Somatic SVs and CNVs for a specific gene¶
getSVCNVperGene is an R package to query somatic samples for tiered structural and copy number variants in genes of interest. This package was developed by Genomics England.
The getSVCNVperGene package queries interpretation JSON files for somatic cancer samples, which contain tiered SVs and CNVs found in the tumour samples for our cancer participants.
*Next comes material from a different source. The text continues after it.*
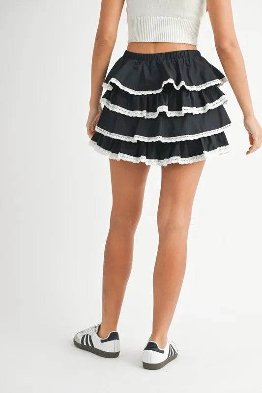 The poplin ruffle layered contrast lace trim mini skirt is a playful and stylish choice for a fun outfit. The ruffle layers add a flirty and feminine touch to the skirt, while the contrast lace trim brings a chic and trendy detail. Perfect for a night out or a summer event, this mini skirt exudes a youthful and fashionable vibe. Pair it with a crop top or a fitted blouse for a modern and eye-catching ensemble that showcases your unique style.

If your research requires you to query other SVs and CNVs, we would recommend that you review our Structural Variant workflow that queries VCFs directly for any sample in the Genomics England database.
Due to an update to the Tiering pipeline that occurred between releases 15 and 16 of the Main Programme, the current version of the R getSVCNVperGene package, version 0.94, is no longer compatible with the SV and CNV tiering JSON files produced for releases v16 and above. The instructions below will allow you to query data provided for Main Programme releases prior to and including v15. If you are starting a new research project we recommend that you use a separate resource that has been created and detailed at the end of this page.
Instructions¶
To run the package you will need to:
- Load the package
- Run the package
Load the package¶
The newest version of this package is available in the Genomes England cluster for R version 4.1.0. In order to run it, you will need to load GRON and R, as below:
For using the package:
And then, load the library:
(We have updated this package in Aug 2022. Please take note of correctly assigning version 0.94)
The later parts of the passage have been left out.